The example I had in my mind is a bit different (I haven't looked into cross-cu support yet, but we should have covered it).
Let me first explain two main variables here:

GlobalInlinedFnInfo -- keeps track of DW_TAG_subprogram copies with DW_AT_inline, so when we face a DW_TAG_inlined_subroutine we know for how many variables we have zero % location coverage
InlinedFnsToBeProcessed -- doing recursive approach if we can firsly meet a DW_TAG_inlined_subroutine referencing a DW_TAG_subprogram copy with DW_AT_inline (since DWARF standard does not propose the order), this variable keeps the DW_TAG_inlined_subroutine DIEs that should be processed after we are finished with the dwarf tree

Let us know consider a big project (let it be GDB) compiled with -gsplit-dwarf. Main executable will have debug_info section:

$ llvm-dwarfdump gdb
0x0000000b: DW_TAG_compile_unit
           DW_AT_stmt_list   (0x00000000)
           DW_AT_comp_dir    ("/gdb")
           DW_AT_GNU_pubnames        (true)
           DW_AT_GNU_dwo_name        ("gdb.dwo")
           DW_AT_GNU_dwo_id  (0xb8ed71b1bb823706)
           DW_AT_low_pc      (0x0000000000482370)
           DW_AT_high_pc     (0x000000000048239a)
           DW_AT_GNU_addr_base       (0x00000000)
0x00000030: Compile Unit: length = 0x00000030, format = DWARF32, version = 0x0004, abbr_offset = 0x001a, addr_size = 0x08 (next unit at 0x00000064)
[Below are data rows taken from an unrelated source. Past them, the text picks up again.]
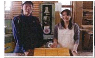
ブライダル手作りサービス

(有)木工房蔵は、木目を生かした三連時計を開発し、結婚式・披露宴での両親へのプレゼントとして人気商品になっている。この商品を販売する中で、結婚式・披露宴にかかわる商品を手作りしたいという要望が多く寄せられたため、木製の新たなブライダルギフトの開発・提供と多店舗展開を検討していた。一方、武生森林組合は、越前スギをはじめとする良質な木材を有しているものの、木材需要や森林整備をとりまく環境が変化する中で、間伐材の販路開拓が急務であった。(有)木工房蔵が必要とする木材は間伐材で対応できることから、両者の思いが一致し、連携して本事業に取り組むこととなった。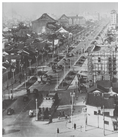
▶昭和12年5月 御堂筋(梅田)難波が完成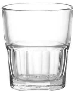
Rocks tumbler / Rocks-Becher / Gobelet rocks / Vaso rocks / Bicchiere rocks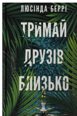
Тримай друзів близько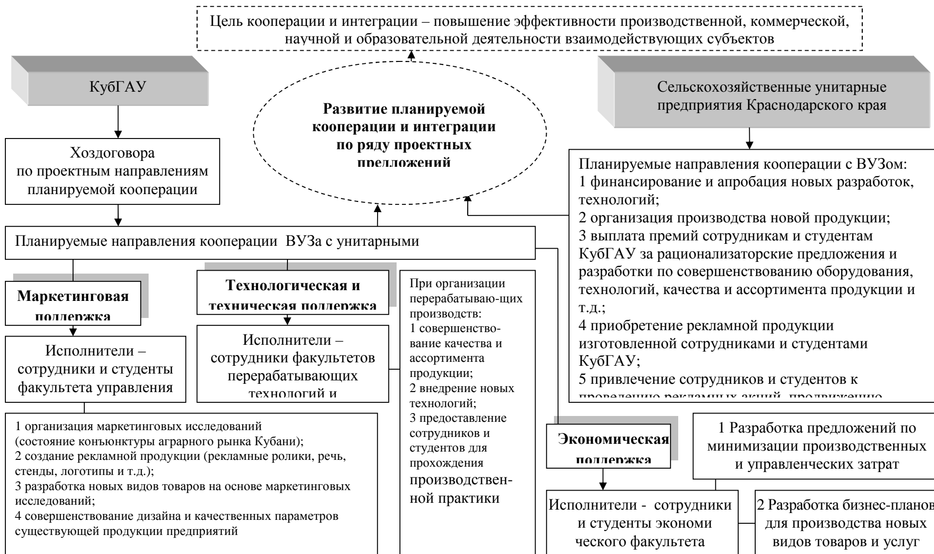
Рисунок 4 – Проектные предложения по развитию кооперации между КубГАУ и сельскохозяйственными унитарными предприятиями

0x0000003b: DW_TAG_compile_unit
           DW_AT_stmt_list   (0x00000069)
           DW_AT_comp_dir    ("/gdb")
           DW_AT_GNU_pubnames        (true)
           DW_AT_GNU_dwo_name        ("amd64-tdep.dwo")
           DW_AT_GNU_dwo_id  (0x97c5a9e4ce1a43bf)
           DW_AT_GNU_ranges_base     (0x00000000)
           DW_AT_low_pc      (0x00000000004823a0)
           DW_AT_high_pc     (0x000000000048e982)
           DW_AT_GNU_addr_base       (0x00000018)
0x00000064: Compile Unit: length = 0x0000002c, format = DWARF32, version = 0x0004, abbr_offset = 0x0037, addr_size = 0x08 (next unit at 0x00000094)

0x0000006f: DW_TAG_compile_unit
....

We will keep filling both of these variables (GlobalInlinedFnInfo and InlinedFnsToBeProcessed) for all the CUs, but there could be a situation where we have inlined_subroutine referencing a subprogram, but we accidently use variables info from subprogram from previous CU with the same DIE offset -- that is why we have different numbers for this case.